Mevrouw Van 't Riet: Dat kan ik mij niet meer herinneren. Zij heeft die lijst bekeken. We hebben het niet specifiek over DMMP gehad.

De heer Oudkerk: Nu gaat het erom, dat het kabinet duidelijk informatie geeft aan de Kamer zodat er ook antwoord kan worden gegeven op vragen. Bent u op het moment dat u dat stapeltje vrachtbrieven kreeg van de regering zo geïnformeerd dat u verder kon, dat u een bevredigend antwoord kon krijgen op de vraag: is het volledig en zitten er geen rare spullen bij?

Mevrouw Van 't Riet: Nee, die discussie over de samenstelling van de vracht is gewoon blijven hangen. Het ging ook over de vraag waar die lijsten zijn opgevraagd. De ECD heeft ze opgevraagd in New York bij de douane. Eerst zouden ze compleet zijn en later weer niet en ging het om maar eenzesde deel. US Customs, de verlader, heeft de house airway bills. In hoeverre zijn die compleet? Volgens mij is dat nog steeds niet het geval. In feite ging daar de discussie over en ook over de vraag in hoeverre ze getekend waren. Want het waren steeds ongetekende kopieën. De Kamer heeft zich constant erop gericht, dat ervoor moet worden gezorgd dat de vrachtbrieven compleet zijn, zodat we in ieder geval weten wat de lading is geweest. De minister gaf in eerste instantie als antwoord dat een cargo manifest genoeg is en dat een NOTOC, een soort verzameling van de papieren over gevaarlijke stoffen, aanwezig is, weliswaar in kopie, maar toch. De NOTOC is later wel getekend overhandigd. Zij noemde ook de master airway bills en de house airway bills. Eigenlijk werd aangegeven, dat het niet zo relevant was die papieren te geven, omdat ze niet te maken zouden hebben met de ramp of de effecten daarvan.

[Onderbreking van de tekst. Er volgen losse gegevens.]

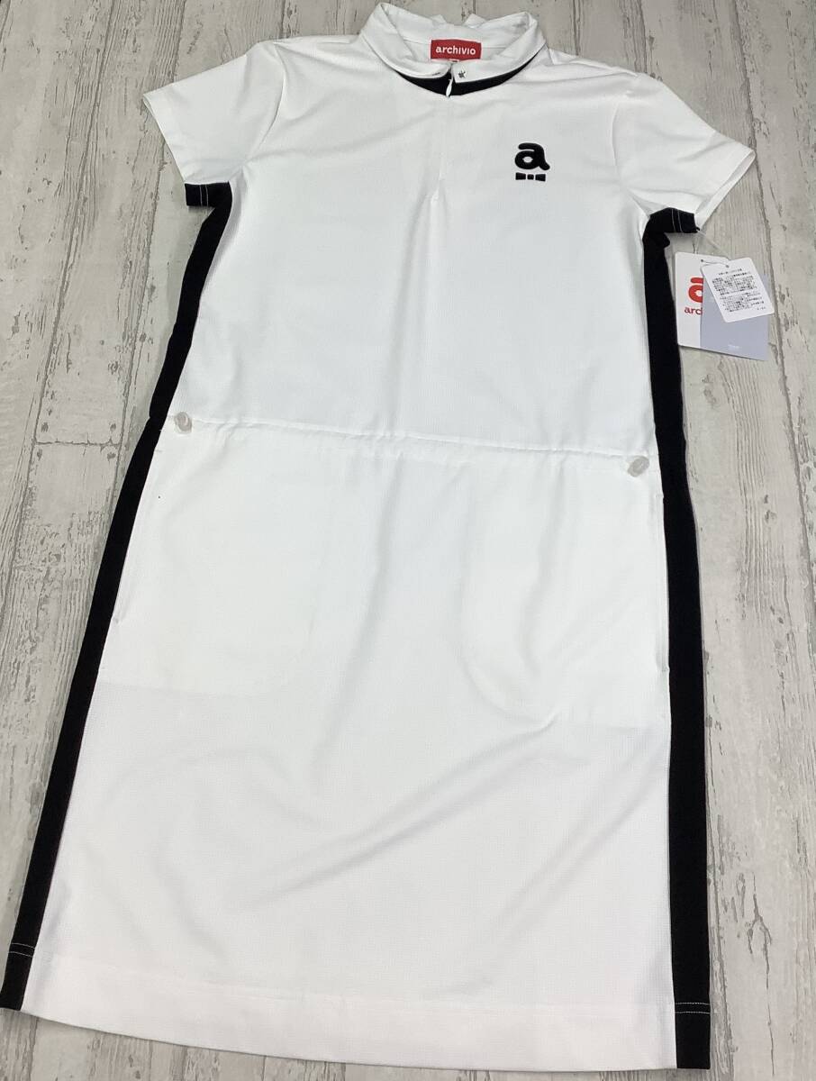 - 新品 ★36サイズ表示 archivioゴルフ かわいいワンピース レディースウェア 定価\47,300 白系 黒ラインアクセント

De heer Oudkerk: Niet te maken met de oorzaak van de ramp.

Mevrouw Van 't Riet: In het begin ging het natuurlijk meer over de oorzaak van de ramp dan over de lading zelf. De Raad voor de Luchtvaart heeft de conclusie getrokken, dat de lading van het ramptoestel het ongeval niet heeft veroorzaakt en dat het ongeval te maken had met de motorophanging. Men was zeer tevreden dat men de oorzaak van de ramp zo snel heeft gevonden.

De heer Oudkerk: Maar wat was dan de reden waarom de vrachtbrieven, en met name de compleetheid daarvan en de inhoud, voor u zo belangrijk waren? Want de vracht kon de oorzaak niet meer zijn.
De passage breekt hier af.